L’Italia, notoriamente, è un paese di invisibili, e i diversi livelli di significato della parola «invisibile» ci stanno tutti. Quelli per scelta, come gli evasori totali e i latitanti, quelli che una scelta nella loro vita vorrebbero farla, in nome della dignità. Il Covid 19 ha, almeno parzialmente, scoperchiato un altro punto dolente nell’invisibilità sociale. Ci voleva il lockdown per far fermare quelle macchine complesse e fatte tutte di persone e professionalità interconnesse perché si tornasse a parlare di loro. Gli invisibili della cultura. In tempi «normali» uno va a teatro, per seguire uno spettacolo o un concerto, e ben di rado pensa che quando scende il buio in sala e ci si prepara a gustarsi un’emozione sono già state al lavoro per l’occasione decine di persone, altre stanno lavorando in silenzio e nel buio, molte altre ancora dovranno intervenire perché lo spettacolo vada avanti, il giorno dopo.
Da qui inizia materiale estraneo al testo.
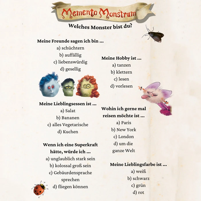 Beantworte jede Frage aus dem Bauch heraus und notiere (oder merke) dir, welcher Buchstaben am Anfang deiner Antwort steht. Der Buchstabe, den du am meisten hast, ergibt am Schluss dein Monster.
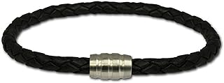 Lederarmband geflochten 5mm schwarz 21cm mit Edelstahl Magnet Verschluss für Damen oder Herren Leder Armband Echtleder LS1502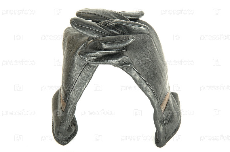 Черные кожаные перчатки с переплетенными пальцами

QUEL COMPLESSO mondo che non appare mai ha cercato di darsi una voce nei tempi del blocco. Ha gridato nelle piazze, con la mascherina indosso, trovando ben poca eco. Perché è stato escluso a priori da qualsiasi forma di sostegno economico, aggiungendo a quella che molto spesso è precarietà del lavoro, da acchiappare quando c’è, praticamente a ogni condizione, un preoccupante vuoto di proposte da parte del mondo della politica su un futuro che appare quantomeno nebuloso. Loro sono le «maestranze», e per una volta è bello che nella parola sia compreso quel senso letterale di «maestria» che fa sì che teatro e musica esistano. Maestranze è il titolo scelto dal regista e compositore Andrea Liberovici e dall’attrice Federica Fracassi per un programma appena inaugurato su Radiotre Suite, ogni sera in onda a partire dalle 20.15, e fino all’8 luglio prossimo. In ogni puntata Liberovici e Fracasso intervistano un «invisibile» della macchina dello spettacolo azzoppata dal Covid. Perché, spiega Liberovici: «Le maestranze, oltre alle loro fondamentali competenze tecnologiche e artigiane, al saper risolvere al volo problemi che il pubblico neppure sospetta esistano hanno, soprattutto, competenze umane: nel senso che “ogni teatro, senza retorica, è una grande famiglia in cui non esiste un capofamiglia, perché chi comanda è lo spettacolo, a cui tutti, ma proprio tutti concorrono.